Two satellites P and Q are moving in different circular orbits around the Earth (radius $$R$$). The heights of P and Q from the Earth surface are $$h_P$$ and $$h_Q$$, respectively, where $$h_P = R/3$$. The accelerations of P and Q due to Earth's gravity are $$g_P$$ and $$g_Q$$, respectively. If $$g_P/g_Q = 36/25$$, what is the value of $$h_Q$$?

The acceleration due to gravity at a distance $$r$$ from the centre of the Earth is

$$g(r)=\frac{GM}{r^{2}}$$

where $$G$$ is the gravitational constant and $$M$$ is the mass of the Earth.

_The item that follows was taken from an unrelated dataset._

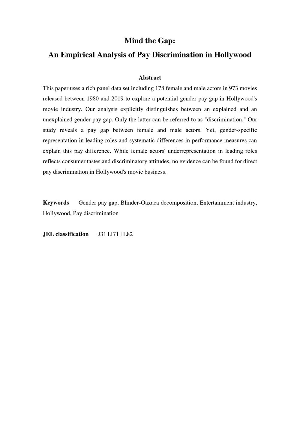 Mind the gap : an empirical analysis of pay discrimination in Hollywood / Charlotte Kräfft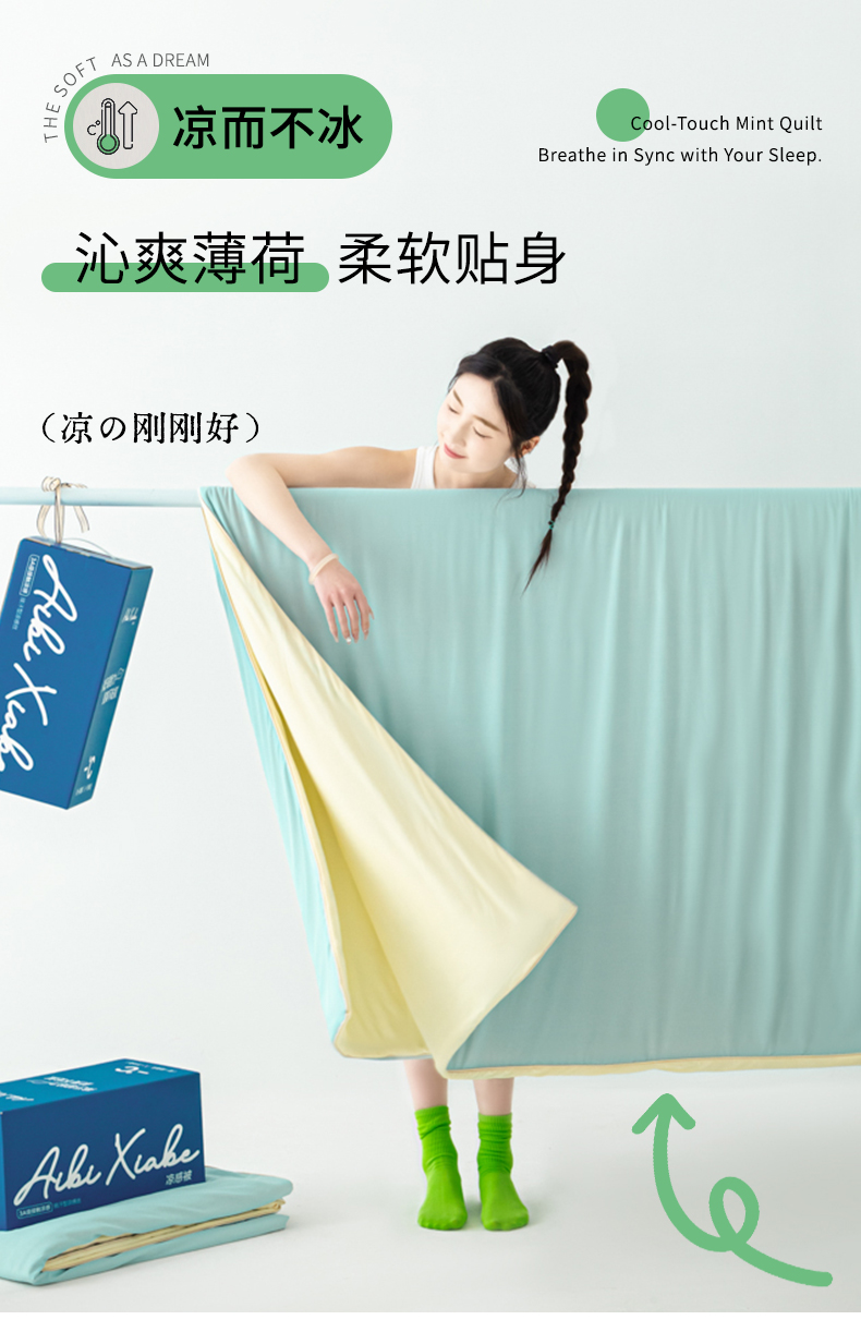 (总)爱彼家纺 2026新款冰吸薄荷A类氨纶黑科技凉感夏被冰薄荷空调被夏凉被-薄荷系列二,薄荷绿,薄荷粉,薄荷蓝,薄荷紫,组合图仅供展示不可下单

For a satellite at height $$h$$ above the Earth’s surface (Earth’s radius $$R$$), the distance from the centre of the Earth is

$$r = R + h$$

Hence, for satellites P and Q we have

$$g_P = \frac{GM}{(R+h_P)^{2}}, \qquad g_Q = \frac{GM}{(R+h_Q)^{2}}$$

Taking their ratio, the common factor $$GM$$ cancels:

$$\frac{g_P}{g_Q} = \frac{(R+h_Q)^{2}}{(R+h_P)^{2}}$$ $$-(1)$$

Given data:

• $$h_P = \frac{R}{3} \;\;\Rightarrow\;\; R+h_P = R + \frac{R}{3} = \frac{4R}{3}$$
• $$\dfrac{g_P}{g_Q} = \dfrac{36}{25}$$

Substitute in equation $$(1)$$:

$$\frac{36}{25} = \frac{(R+h_Q)^{2}}{\left(\dfrac{4R}{3}\right)^{2}}$$

Solve for $$R+h_Q$$:

$$R+h_Q = \frac{6}{5}\left(\frac{4R}{3}\right) = \frac{24R}{15} = \frac{8R}{5}$$

Therefore,

$$h_Q = \frac{8R}{5} - R = \frac{8R}{5} - \frac{5R}{5} = \frac{3R}{5}$$

Hence, the height of satellite Q above the Earth’s surface is $$\displaystyle \frac{3R}{5}$$.

Option A which is: $$3R/5$$